Electric cars and bicycles, he said, cut both emissions and noise, while improved building efficiency can both reduce heating and cooling and indoor air pollution. Conversion from a heavily meat-reliant diet would provide twin benefits to health and climate.

Other panelists and speakers discussed the health impacts of adapting to a changing climate; the unique challenges of climate-related health issues in poor and minority communities; and the Centers for Disease Control and Prevention’s assistance to state and local governments on climate issues.

Healthcare advocate Gary Cohen tossed out a stat that was clearly intended to drive home the public health community’s role in climate issues: “Our addiction to fossil fuels…. is killing more people than AIDS, malaria and TB combined.”

Cohen added “In the 21st Century we can no longer support healthy people on a sick planet.”

The conference closed with a panel on climate communication. It was mostly a primer for solid climate communication by health professionals, but one of the panelists was hardly a “usual suspect” in all things climate. Jerry Taylor was a CATO Institute Vice President often booked onto TV talk shows to call climate science into question.
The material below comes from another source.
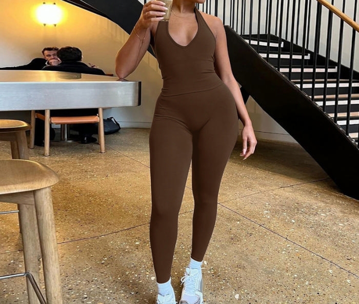 (Coffee)2024 Styles Women Summer Fashion Street Snap Backless Tank Top and Slim Yoga Pants SetSKU: #CF88251-3

For the past few years, he’s burned former political bridges by acknowledging climate change and advocating a carbon tax. “After 20 years of wrestling with the climate bear, I lost,” he said.

Taylor’s prescription for persuading conservatives and Republicans on climate change focused on talking about risk management, and avoiding discussions of the social cost of carbon or the massive restructure of the world’s economy.

To CDC, or not to CDC

The meeting was originally announced in mid-2016 by the Atlanta-based Centers for Disease Control and Prevention. After Donald Trump’s election, the CDC abruptly pulled the plug on the three-day event, citing “uncertainty” in the agency’s direction under Trump.

Several non-government groups, universities and philanthropies teamed up to salvage a one-day conference on short notice. The Carter Center’s Chapel held a capacity crowd of 340, including 40 accredited journalists.

The short notice perhaps explains the adorably generic name for the meeting: “Climate & Health Meeting.” In a surprise appearance, host and former President Jimmy Carter gave the CDC a pass for cancelling its event.

“The CDC has to be a little more careful politically,” he said. “The Carter Center doesn’t.”

Politics loomed large in one other portion of the gathering: A physician scheduled to present in Atlanta ended up doing so remotely. According to American Public Health Association President Georges Benjamin, Dr. Nick Watts had recently visited hospitals in Iran, and was denied a visa to enter the U.S.